Reducing Server Load

This document explains various techniques for reducing load on the servers you're scraping.

Intelligent Date Range Selection

To further reduce server load and speed up scrapers, we provide an intelligent date range selection mechanism that can reduce server requests by 60% without significantly impacting delay in picking up changes.

The ScraperUtils::DateRangeUtils#calculate_date_ranges method provides a smart approach to searching historical records:

  • Always checks the most recent 4 days daily (configurable)
  • Progressively reduces search frequency for older records
  • Uses a progression from each 2 days and upwards to create an efficient search intervals
  • Configurable max_period (default is 2 days)
  • Merges adjacent search ranges and handles the changeover in search frequency by extending some searches

Example usage in your scraper:

date_ranges = ScraperUtils::DateRangeUtils.new.calculate_date_ranges
date_ranges.each do |from_date, to_date, _debugging_comment|
  # Adjust your normal search code to use for this date range
  your_search_records(from_date: from_date, to_date: to_date) do |record|
    # process as normal
  end
end

Typical server load compared to search all days each time:

  • Max period 2 days : ~59% of the 33 days selected (default, alternates between 57% and 61% covered)
  • Max period 3 days : ~50% of the 33 days selected (varies much more - between 33 and 67%)
  • Max period 4 days : ~46% (more efficient if you search back 50 or more days, varies between 15 and 61%)

See the DateRangeUtils class documentation for customizing defaults and passing options.

Cycle Utilities

Simple utility for cycling through options based on Julian day number to reduce server load and make your scraper seem less bot-like.

If the site uses tags like 'L28', 'L14' and 'L7' for the last 28, 14 and 7 days, an alternative solution is to cycle through ['L28', 'L7', 'L14', 'L7'] which would drop the load by 50% and be less bot-like.

# Toggle between main and alternate behaviour
alternate = ScraperUtils::CycleUtils.position(2).even?

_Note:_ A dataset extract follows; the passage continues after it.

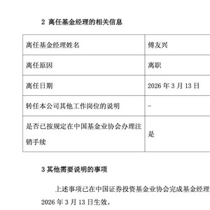 3月12日,广发基金发布公告称,傅友兴卸任广发稳健增长和广发睿阳三年定开两只在管产品,同时宣布离职。

# OR cycle through a list of values day by day:
period = ScraperUtils::CycleUtils.pick(['L28', 'L7', 'L14', 'L7'])

# Use with any cycle size
pos = ScraperUtils::CycleUtils.position(7) # 0-6 cycle

# Test with specific date
pos = ScraperUtils::CycleUtils.position(3, date: Date.new(2024, 1, 5))

# Override for testing
# CYCLE_POSITION=2 bundle exec ruby scraper.rb

For full details, see the CycleUtils class documentation.